Something inside her chest twisted—tight and aching, but not in pain. Just full. Overfull.

Her fingers moved before she could talk herself out of it. Slowly, with careful intent, they traced the line of his collar where fabric gave way to skin. The pads of her fingers drifted higher, brushing the curve of his throat—right over the steady thrum of his pulse. That warmth, that life, that certainty beneath her touch... it grounded her.

He didn't stir.

Beth's heart began to pick up. Not fast. Not frantic.

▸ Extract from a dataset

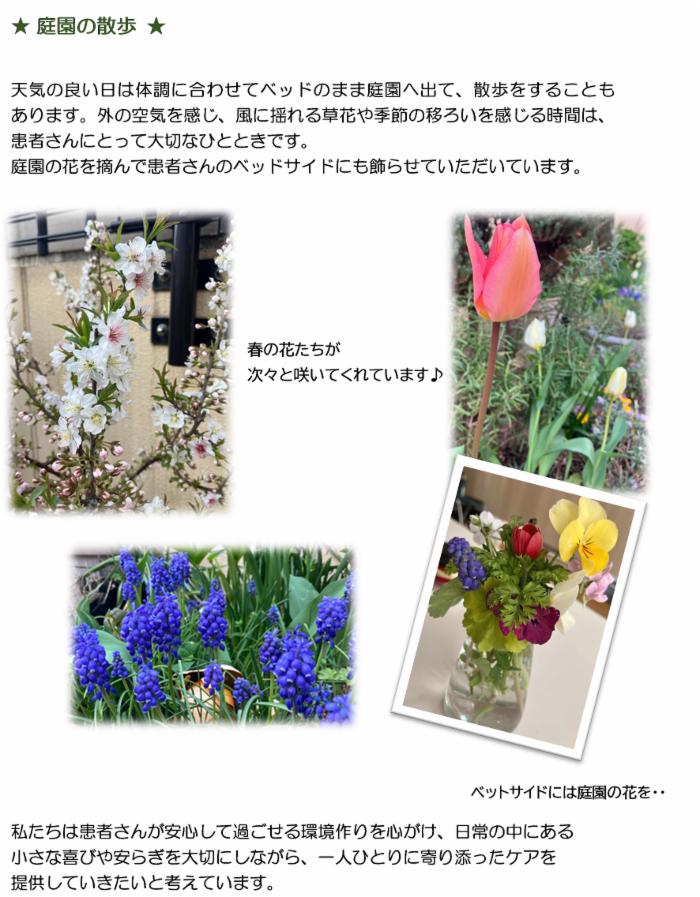 緩和ケアに関する取り組みや日々の様子を、スタッフの声とともにお届けしてまいります。

Just steady and cautious, like her body had finally realized where it was and didn't quite know how to hold it. She wasn't sure when the thought arrived—whether it bloomed slowly or landed all at once—but it was there now. Quiet and unwavering. Not a question she had to ask out loud.

Not Should I?

But What if I did?

What if she let herself want this, here and now, without hedging or apologizing? What if—for the first time in too long—she didn't brace for impact?

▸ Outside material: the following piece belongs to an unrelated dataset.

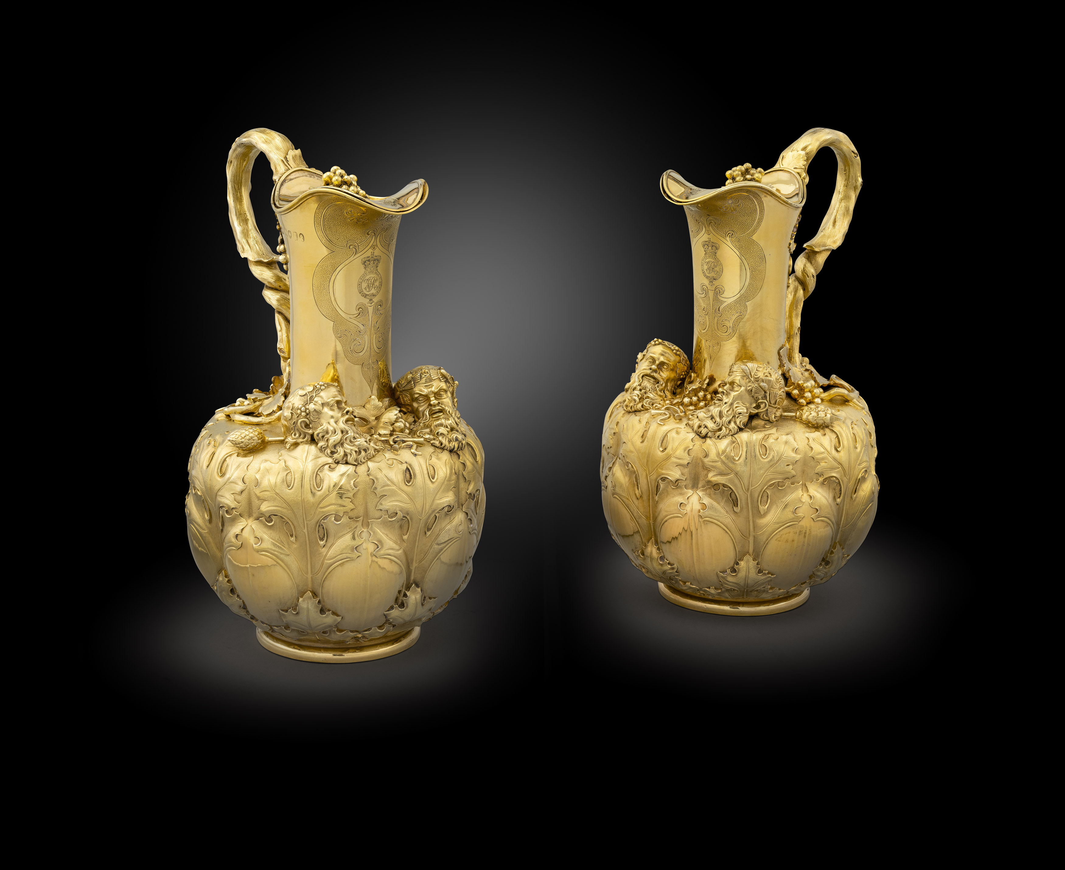 Director’s Choice – Timo Koopman A Monumental George III Warwick Vase The detail and size of this Warwick Vase is exceptional. It is one of the earliest and largest examples known in silver. This commission pushes the boundaries of what is achievable and is an incredible triumph of the goldsmith. Measuring fifty-six centimetres or twenty-two inches in height, it weighs an astonishing 13,220 grammes or 425 troy ounces and 1 penny weight of silver. The vase has two large handles formed as interwoven vine branches, from which the tendrils, leaves, and clustering grapes spread around the upper margin and features classical Bacchic masks and associated emblems, such as the pine tip staff or thyrsus. The middle of the body encompasses the pelt of a panther, with head and claws, the cloak worn by Bacchus. Above are heads, all representing satyrs, except one, which is that of a female, traditionally said to have been substituted for a missing head and made by an Italian carver in the 18th century into the likeness of lady Hamilton; however, as the result of a supposed quarrel with her, the carver gave lady Hamilton’s head a fawn's ear. This monumental triumph rests on a square pedestal foot.

Her hand went still against his throat. Her gaze dropped to his mouth.

She didn't rush. Didn't force it. She let the hesitation ripple through her one last time and then pass. Her mind flicked through all the things that had brought her to this edge—the soft laughter through a phone speaker, the late-night messages that felt like lanterns in the dark, the sound of her daughter giggling in his arms, the way he said hey like it was a kind of promise.

And then she leaned in.

It wasn't dramatic. There was no cinematic crash. Just a breath of distance closed, and her lips brushed his in the quietest, softest whisper of a kiss.

A pause.

A single heartbeat suspended between them.

And then his mouth moved beneath hers—just a little. No urgency. No surprise. Just awareness. Response. A sleepy yes wrapped in warmth. His lips pressed back with a tenderness that made her knees go loose beneath the covers. His hand, the one resting low across her back, shifted slightly, fingers flexing. It was small. Barely a motion. But it felt like everything.

Beth's eyes fluttered open. Her breath caught in her throat, suspended between disbelief and something too sacred to name.

And then his lashes lifted.

His eyes met hers—soft and half-lidded, his expression still caught somewhere between dream and waking. He looked at her like she belonged there, like the sight of her was the answer to a question he hadn't realized he was still asking.

"Hi," he murmured, voice thick with sleep and something warmer beneath it.

Beth swallowed and tried to smile, her nerves catching up to her heart. "Good morning."

His lips curved slightly, lazy and fond, his voice curling around her like a second blanket. "Good morning."

Then, without teasing or explanation or the need to name what had just passed between them, he lifted his arm just enough to guide her back into the space where she'd come from.

"Come here," he said, voice low and steady, like her kiss hadn't just shifted the axis of something inside them both. Like it hadn't sent a ripple through the quiet morning and marked the start of something new—something neither of them had named yet, but both of them had been circling for weeks.

Beth didn't hesitate. There was no calculation in her movements, no second-guessing—only instinct, the kind that lived in the bones. She folded back into him with the ease of someone returning to a place they already knew by heart. Her nose found the familiar softness of his shirt, the fabric warm where it stretched across his chest. Her arms curled naturally between them, and her heartbeat, once fluttering and uncertain, began to slow until it matched the steady rhythm beneath her ear.

Changbin didn't ask questions. He didn't pull back to comment or tease or label what had just happened. He simply held her—fully, firmly, like she was something he'd been waiting to exhale. His arms tightened around her with quiet assurance, and the world outside receded into a blur of soft morning light and the thrum of connection that pulsed between them.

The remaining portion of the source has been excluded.